┌─ Provided information

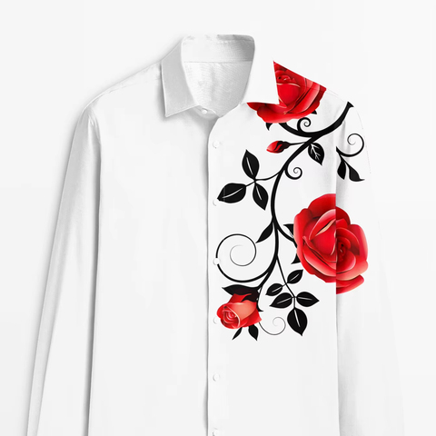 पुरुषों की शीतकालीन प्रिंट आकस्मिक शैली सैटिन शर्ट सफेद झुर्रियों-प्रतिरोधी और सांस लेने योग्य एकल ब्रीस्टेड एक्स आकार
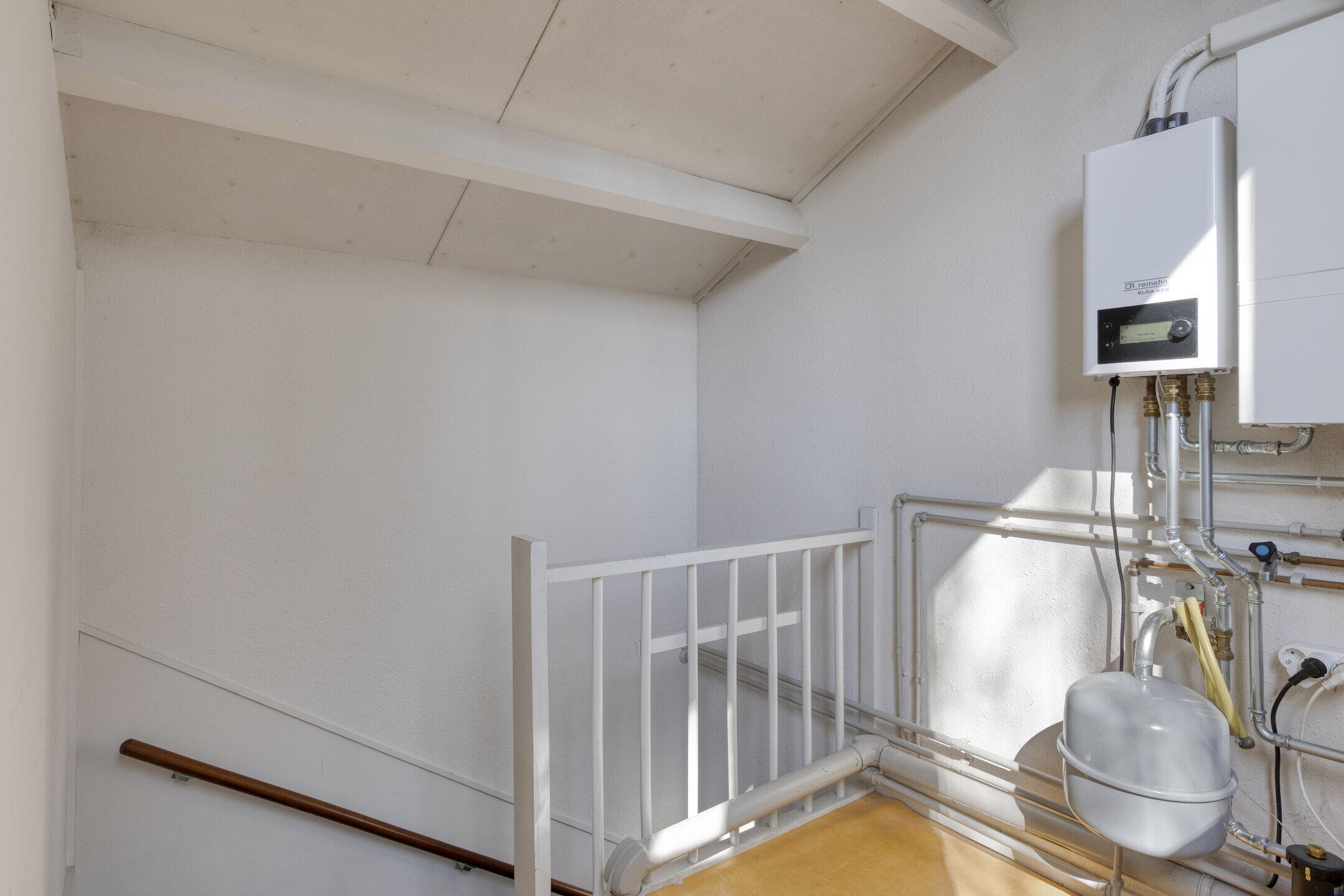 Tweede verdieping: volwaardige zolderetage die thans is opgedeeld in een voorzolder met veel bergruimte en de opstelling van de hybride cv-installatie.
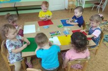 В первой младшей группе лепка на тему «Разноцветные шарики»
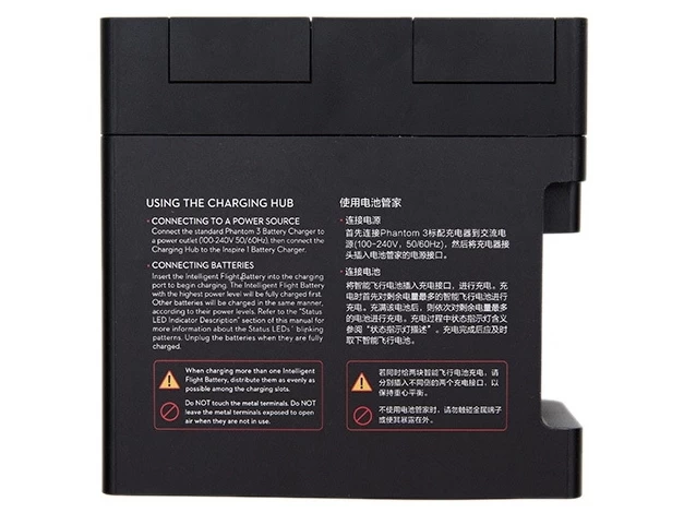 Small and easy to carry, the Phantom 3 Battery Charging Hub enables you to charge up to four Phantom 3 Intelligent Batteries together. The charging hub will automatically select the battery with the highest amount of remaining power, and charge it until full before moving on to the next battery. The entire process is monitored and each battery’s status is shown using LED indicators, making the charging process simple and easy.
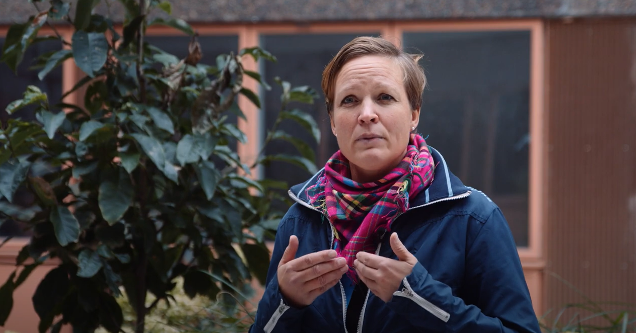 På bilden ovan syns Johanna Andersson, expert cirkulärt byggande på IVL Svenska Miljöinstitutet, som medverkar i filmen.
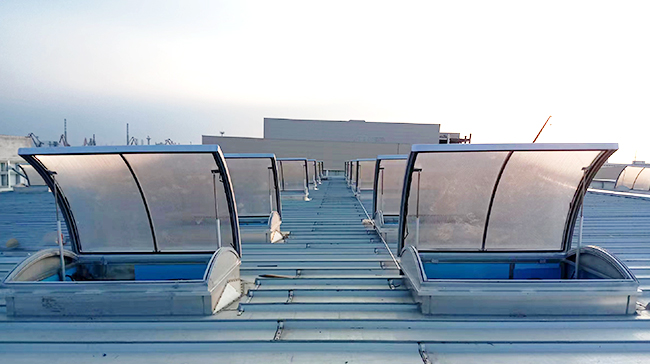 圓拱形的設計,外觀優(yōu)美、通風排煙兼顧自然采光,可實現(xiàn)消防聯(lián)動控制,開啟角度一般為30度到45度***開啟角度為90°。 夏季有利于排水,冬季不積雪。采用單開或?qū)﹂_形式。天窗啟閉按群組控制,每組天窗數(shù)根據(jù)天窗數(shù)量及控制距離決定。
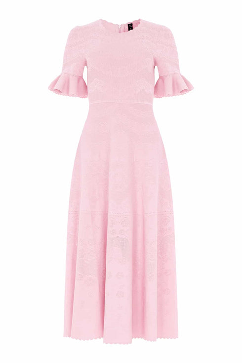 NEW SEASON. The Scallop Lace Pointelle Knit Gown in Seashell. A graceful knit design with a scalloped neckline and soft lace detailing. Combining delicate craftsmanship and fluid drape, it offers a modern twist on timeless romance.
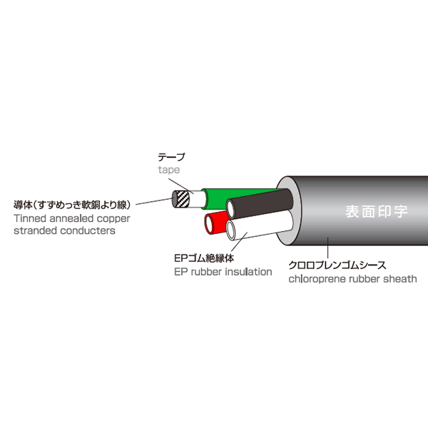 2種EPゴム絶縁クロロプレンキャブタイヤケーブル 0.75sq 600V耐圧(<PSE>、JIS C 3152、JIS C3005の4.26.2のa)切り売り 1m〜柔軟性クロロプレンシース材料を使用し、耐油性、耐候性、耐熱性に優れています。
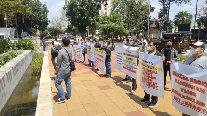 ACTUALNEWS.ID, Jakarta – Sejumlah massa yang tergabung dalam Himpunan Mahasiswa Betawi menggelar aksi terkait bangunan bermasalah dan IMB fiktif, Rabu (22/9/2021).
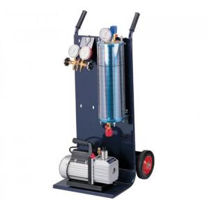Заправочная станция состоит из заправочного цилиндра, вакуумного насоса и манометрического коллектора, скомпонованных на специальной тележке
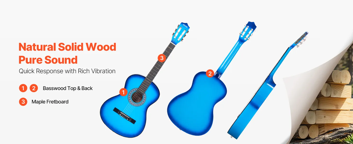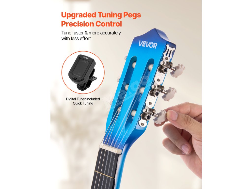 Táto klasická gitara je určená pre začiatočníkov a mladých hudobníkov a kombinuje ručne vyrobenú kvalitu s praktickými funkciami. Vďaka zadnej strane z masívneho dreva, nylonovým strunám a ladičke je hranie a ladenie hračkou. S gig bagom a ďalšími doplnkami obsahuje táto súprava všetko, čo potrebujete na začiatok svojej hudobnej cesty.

└─

**Task statement**
Return only the lines from the one containing "NEW SEASON. The" through the last line of the entries above, exactly as written and without pictures.

**Your solution**
 NEW SEASON. The Scallop Lace Pointelle Knit Gown in Seashell. A graceful knit design with a scalloped neckline and soft lace detailing. Combining delicate craftsmanship and fluid drape, it offers a modern twist on timeless romance.
 2種EPゴム絶縁クロロプレンキャブタイヤケーブル 0.75sq 600V耐圧(<PSE>、JIS C 3152、JIS C3005の4.26.2のa)切り売り 1m〜柔軟性クロロプレンシース材料を使用し、耐油性、耐候性、耐熱性に優れています。
 ACTUALNEWS.ID, Jakarta – Sejumlah massa yang tergabung dalam Himpunan Mahasiswa Betawi menggelar aksi terkait bangunan bermasalah dan IMB fiktif, Rabu (22/9/2021).
Заправочная станция состоит из заправочного цилиндра, вакуумного насоса и манометрического коллектора, скомпонованных на специальной тележке
 Táto klasická gitara je určená pre začiatočníkov a mladých hudobníkov a kombinuje ručne vyrobenú kvalitu s praktickými funkciami. Vďaka zadnej strane z masívneho dreva, nylonovým strunám a ladičke je hranie a ladenie hračkou. S gig bagom a ďalšími doplnkami obsahuje táto súprava všetko, čo potrebujete na začiatok svojej hudobnej cesty.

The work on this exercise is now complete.